§ **LISTED ENTRIES**
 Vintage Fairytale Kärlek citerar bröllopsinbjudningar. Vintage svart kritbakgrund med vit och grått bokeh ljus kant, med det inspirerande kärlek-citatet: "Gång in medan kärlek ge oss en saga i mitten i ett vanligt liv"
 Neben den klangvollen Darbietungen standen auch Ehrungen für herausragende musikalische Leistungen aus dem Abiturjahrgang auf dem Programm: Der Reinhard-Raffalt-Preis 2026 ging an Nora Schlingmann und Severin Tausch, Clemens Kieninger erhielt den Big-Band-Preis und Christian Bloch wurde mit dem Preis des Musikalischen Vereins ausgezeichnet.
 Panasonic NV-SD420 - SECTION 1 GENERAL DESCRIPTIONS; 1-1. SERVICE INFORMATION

* * *

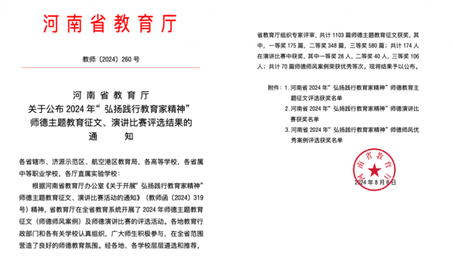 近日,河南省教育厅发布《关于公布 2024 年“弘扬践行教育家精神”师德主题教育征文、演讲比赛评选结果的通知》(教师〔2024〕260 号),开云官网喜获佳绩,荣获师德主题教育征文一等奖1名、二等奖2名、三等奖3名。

...

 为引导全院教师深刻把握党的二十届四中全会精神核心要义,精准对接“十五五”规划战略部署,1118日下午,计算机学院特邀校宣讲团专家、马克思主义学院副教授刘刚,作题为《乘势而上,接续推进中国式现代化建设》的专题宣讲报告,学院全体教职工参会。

§ **PROBLEM TO WORK ON**
Copy, exactly and only, the lines above that begin with the one containing "Vintage Fairytale Kärlek" and finish with the one containing "Panasonic NV-SD420 - SECTION".

§ **YOUR SOLUTION**
 Vintage Fairytale Kärlek citerar bröllopsinbjudningar. Vintage svart kritbakgrund med vit och grått bokeh ljus kant, med det inspirerande kärlek-citatet: "Gång in medan kärlek ge oss en saga i mitten i ett vanligt liv"
 Neben den klangvollen Darbietungen standen auch Ehrungen für herausragende musikalische Leistungen aus dem Abiturjahrgang auf dem Programm: Der Reinhard-Raffalt-Preis 2026 ging an Nora Schlingmann und Severin Tausch, Clemens Kieninger erhielt den Big-Band-Preis und Christian Bloch wurde mit dem Preis des Musikalischen Vereins ausgezeichnet.
 Panasonic NV-SD420 - SECTION 1 GENERAL DESCRIPTIONS; 1-1. SERVICE INFORMATION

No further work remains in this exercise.